Having confused everyone on that score, he moves on to surge, one of those temporarily popular words he loves to put into pun-filled contexts ("We are now inundated by the billowing wave of surge. Put the words Iraq and surge together in a splashy Google search and you can wade into nine million usages of that swell noun and verb...").
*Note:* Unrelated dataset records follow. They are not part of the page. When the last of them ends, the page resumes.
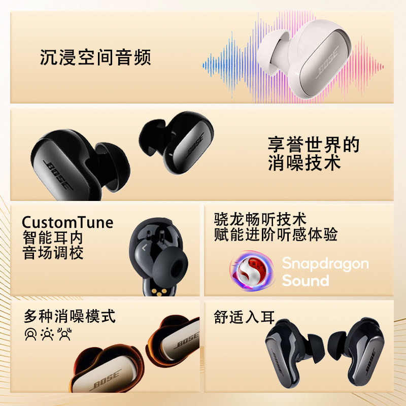 BOSE QC消噪耳塞Ultra 真无线蓝牙主动降噪耳机空间音频大鲨3代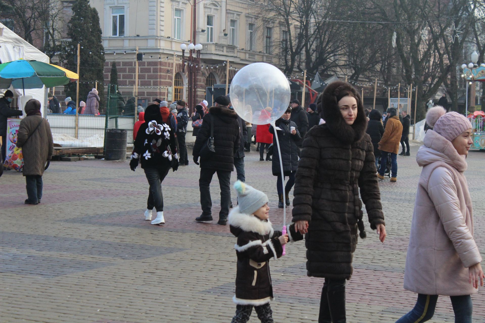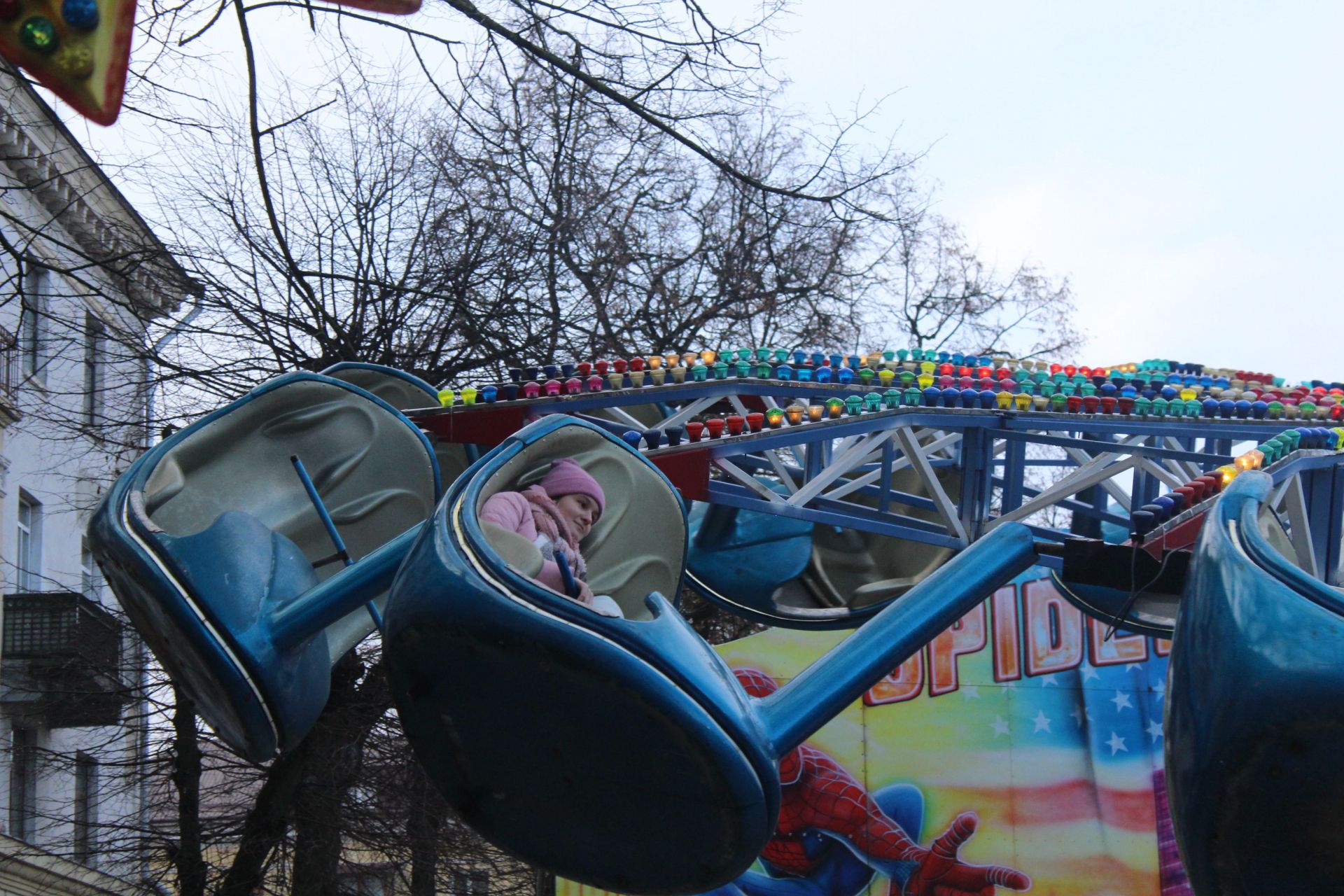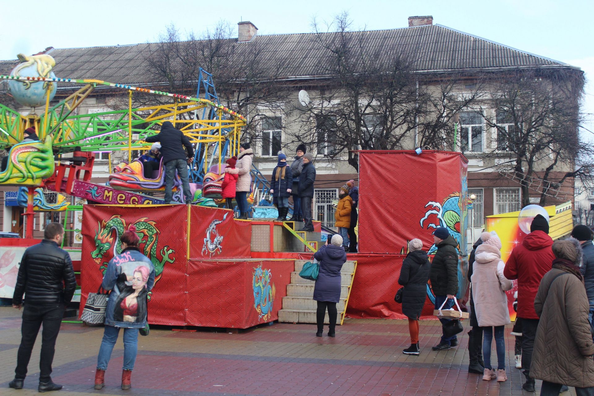 На Театральному майдані «аншлаг». Там чимало людей, які прийшли покататись на ковзанці чи розважитись на атракціонах. На деякі каруселі є черги.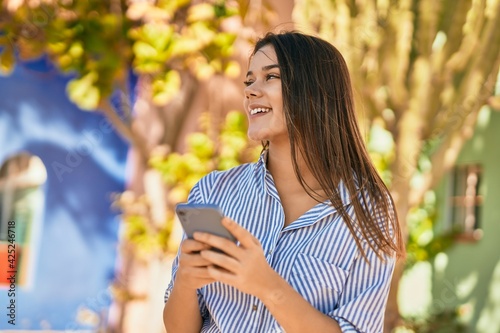 background, beautiful, beauty, brunette, casual attire, cheerful, city, communication, confident, conversation, cool, device, enjoy, expression, face, fun, contraption, girl, happy, healthy, hispanic, joy, lifestyle, message, mobile, modern, natural, outdoors, person, phone, portrait, positive, smartphone, smile, smiling, standing, street, style, sunlight, technology, teenage, phone, texting, town, urban, using, walk, walking, woman, young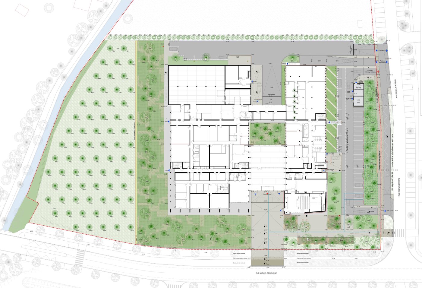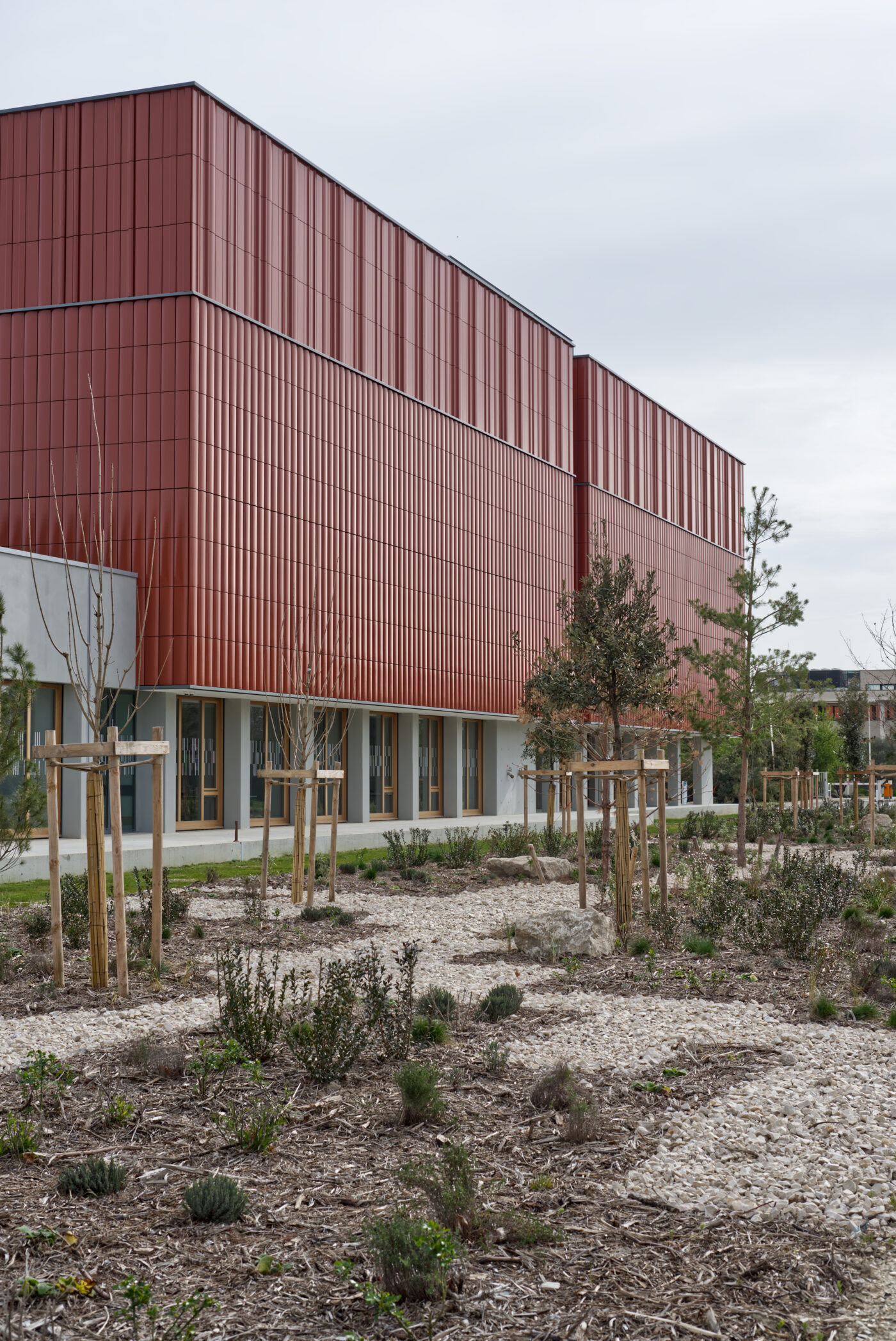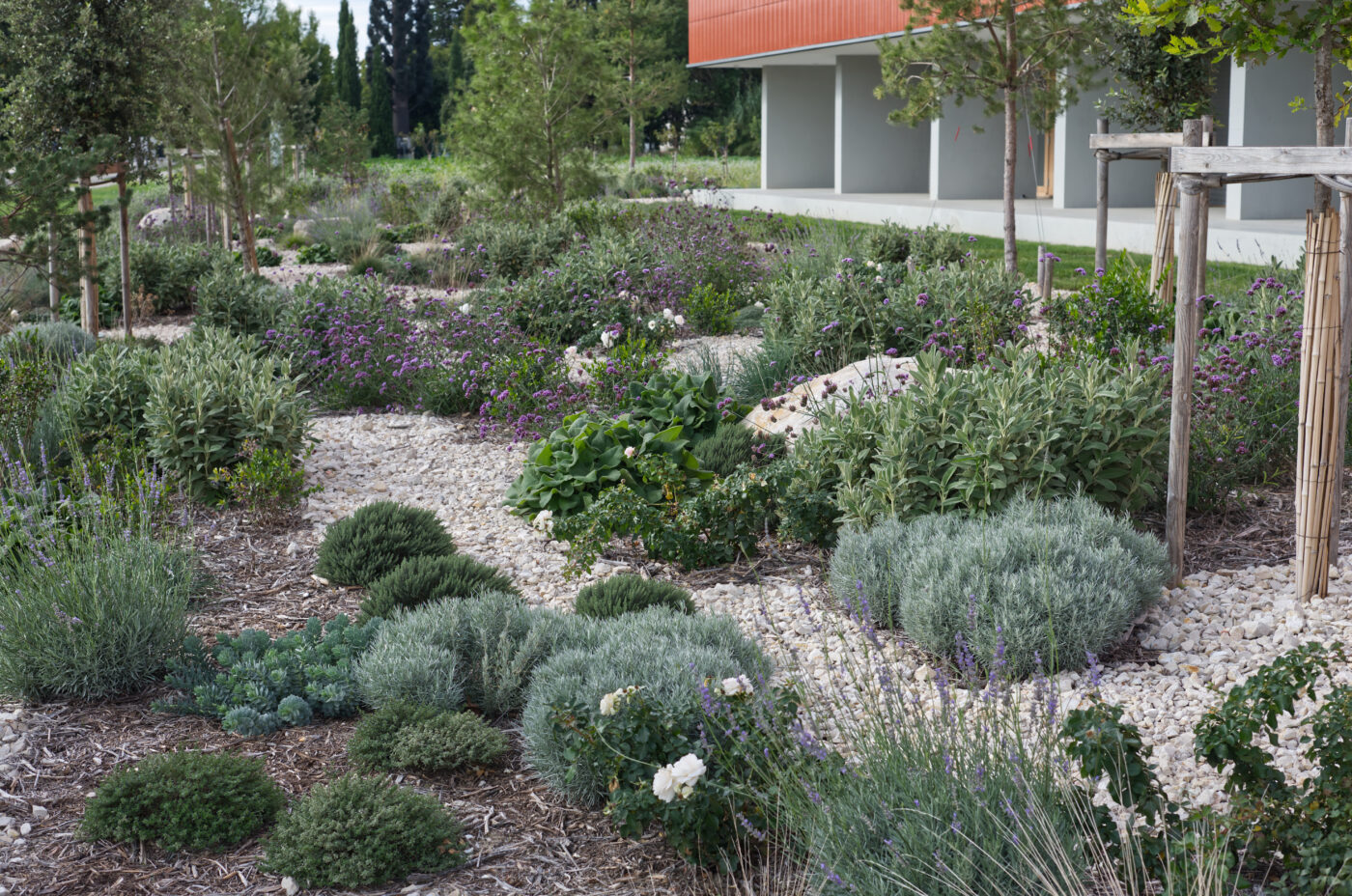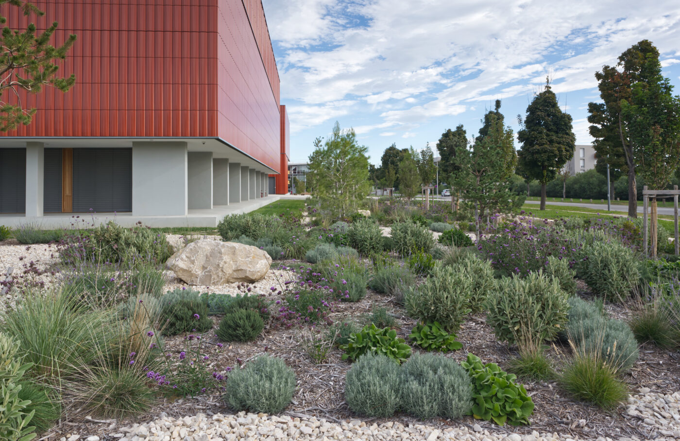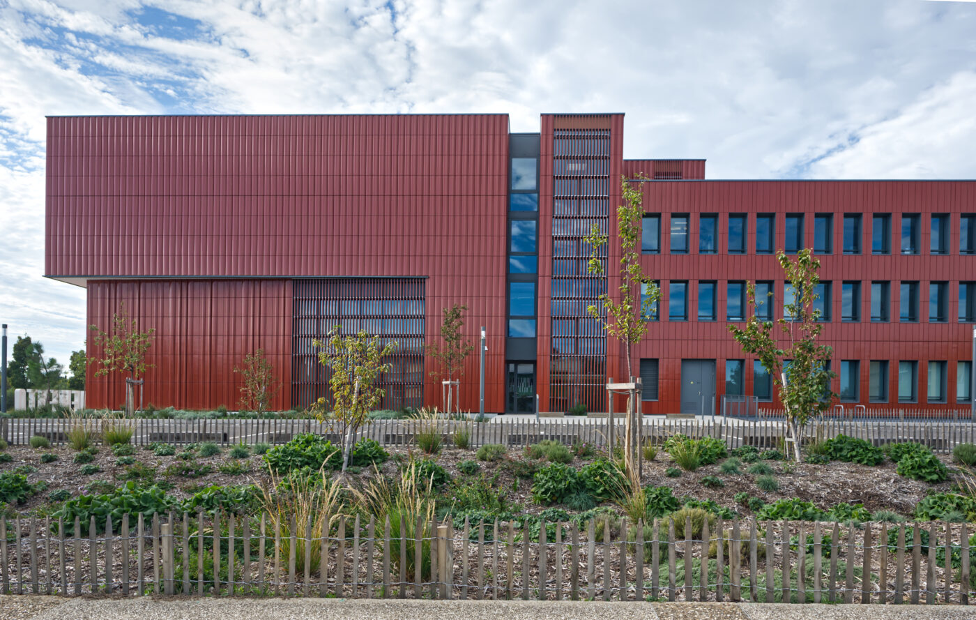 Le pôle de conservation est à la fois un projet architectural et un projet paysager. Ce projet, qui favorise la biodiversité, s’appuie sur une juste palette végétale : une haie reconstituée sur la nouvelle limite ouest, pour se protéger du vent, une chênaie comme écrin pour souligner le bâtiment le long de la rue, un verger productif (fruitiers), en continuité des parcelles de l’Inra au sud.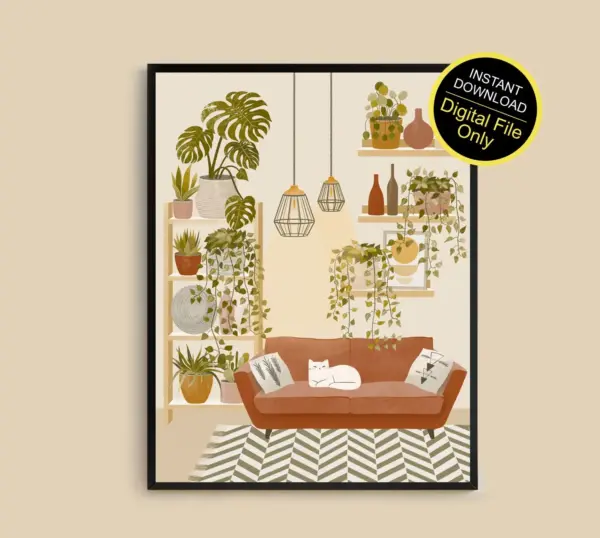 Home Garden With White Cat Wall Art Printable White Cat Boho Home And Cat Poster Cat And Plant Poster House Plants Print Cat Mom Gift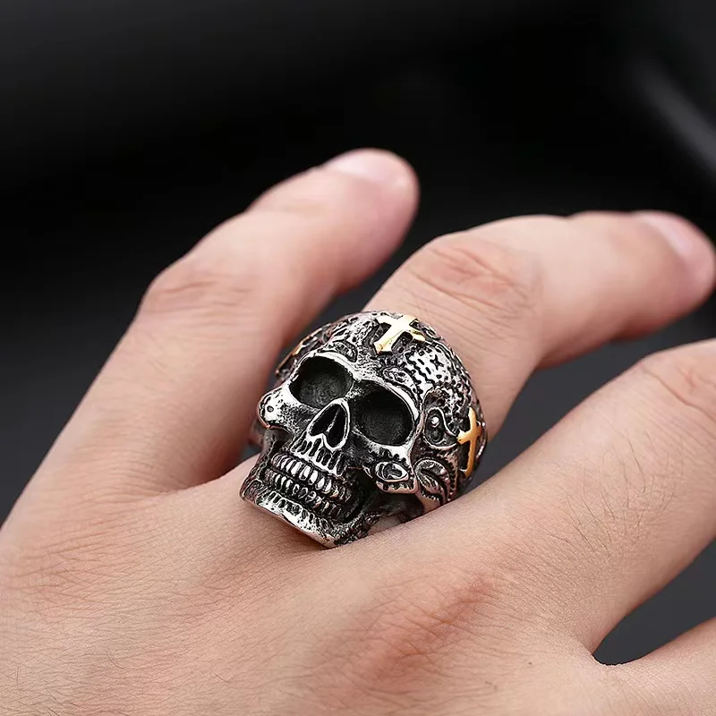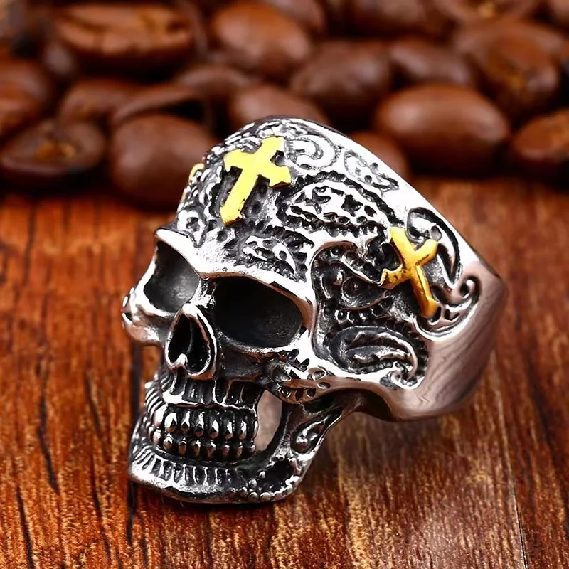 кольца для подростков кольца 2022 тренд перстень мужской подарок мужчине прикольные штучки Мужские кольца в ретро-стиле с черепом и перекрестными узорами
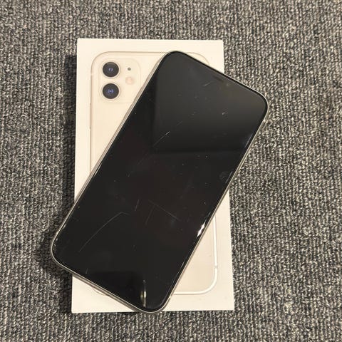 Apple iPhone 11 med 256 GB lagringskapasitet i hvit farge. Telefonen har en skjerm med mindre skader i hjørnet som vist på bildet. Modellens spesifikasjoner inkluderer et dobbeltkamera og en aluminiumsramme. den har en ødelagt framskjerm. innvendige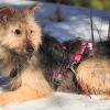Elena puki Neddille varusteet ja kantoi pojan mukanaan tarhan ulkopuolelle kuvattavaksi aiemmin tässä kuussa. Kyseessä oli Neddin ensimmäinen ulkoilukerta. Aivan kuin eri puolilta kehoa puristavissa epämukavissa naruissa ei olisi ollut riittävästi pureksittavaa, kiristyneestä talutinhihnasta syntyvä paineen tunne sai aikaan muutaman paniikinpoikasen (joista selvittiin, kiitos jarrupalan!). Matka itsessään oli melko lyhyt, ja Neddi taittoi sen pääasiassa omin tassuin tuumaustaukojen kera. Metsätiellä se malttoi istua ja nuuhkia ilmaa sekä ympäristöä, mutta reissu oli sen verran jännittävä, etteivät Elenan namit uponneet. Seuraavia ulkoiluharjoituksia toivomme Neddin jatkavan omassa kodissa reippaan koirakaverin tukemana.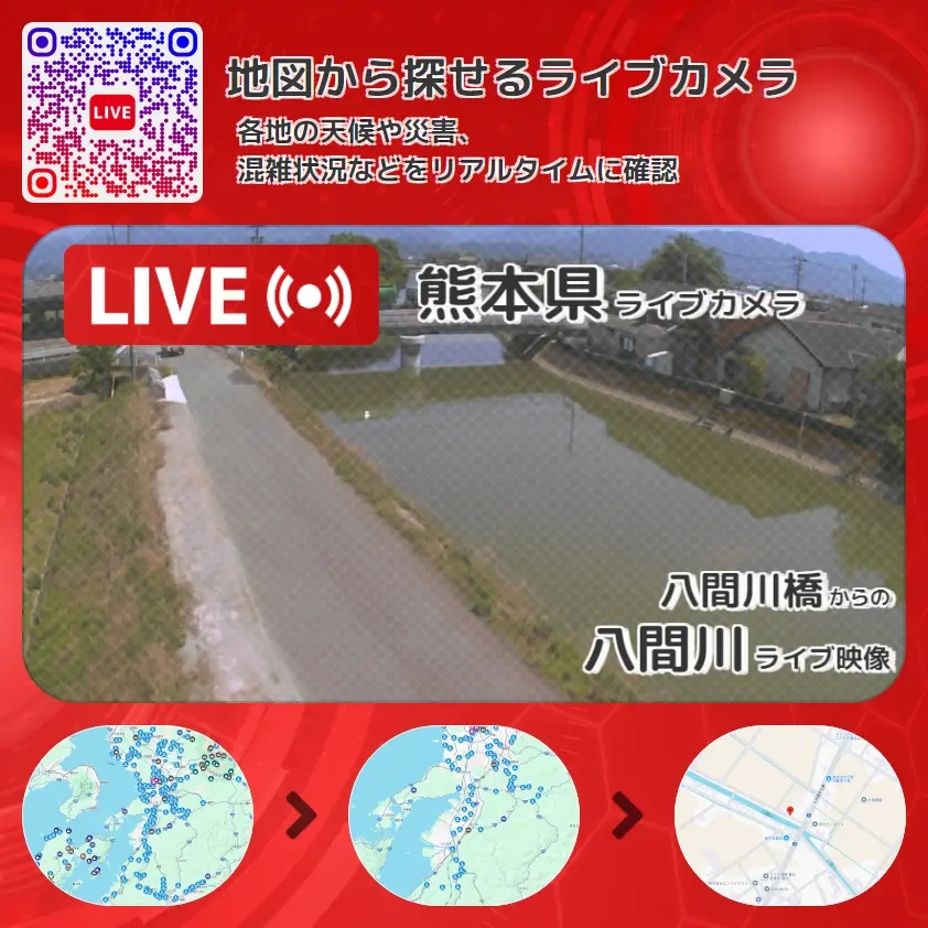 八間川の他に、八間川橋や周辺の気象状況も併せてチェックすることが可能で、台風・大雨・地震などの災害による被害状況も把握することができます。

In the midst of that harmless fun, he perpetrates this incomprehensible piece of misinformation:
Surge may spring from spring, source of fountains, streams and seas, and in a mysterious undulation of the English language, seems to share a root with the Latin surgere, “to rise,” as the source of the French surgeon.So (if I'm reading this magniloquent gibberish correctly) he's saying that the word surge "may" come from the word spring and "seems to share a root" with surgere; I've read the sentence multiple times and still can't figure out whether the last phrase says that the source of the French word is the English word or the Latin one, but let's be charitable and assume he meant the latter. Now, it's true that surge shares a root with surgere; this is because it's from surgere (probably via Catalan and French), so it "shares a root" with it in the same way sushi shares a root with Japanese sushi. Surge has nothing to do with spring. Why he mentions the extremely obscure French word surgeon, meaning 'sucker, shoot thrown out from the base of a tree or plant,' is beyond me unless he is under the impression that the French word is the same as the English word surgeon, which of course it's not (the French for that is chirurgien, and the ultimate source is Greek kheirourgos, literally 'hand-worker'). His eye presumably caught the OED's "the earliest examples (sense 1a, b) transl. OF. sourgeon (mod.F. surgeon)" and his magpie nature said "ooh, surgeon, what fun!" and he stuck it in without giving a moment's thought to what this "mod.F. surgeon" might be.
While I'm breaking my resolution, I might as well commit a multiple offense, so let me add a brief swipe at a sentence in Peter J. Boyer's "Downfall: How Donald Rumsfeld reformed the Army and lost Iraq" from the Nov. 20 New Yorker. In the context of discussing the "Revolution in Military Affairs" (a proposed reformation of the U.S. armed forces), Boyer writes: "But the last thing the Army was inclined to do while facing cutbacks under the Clinton Administration was tinker with its revered divisional structure, and the Navy was no less inclined to reduce the number of its aircraft-carrier battle groups." I think if you read that sentence carefully, you'll see that he should have said "the Navy was no more inclined..." This is an example of what Language Log calls "overnegation as obfuscation," and the crack editorial staff should have caught it.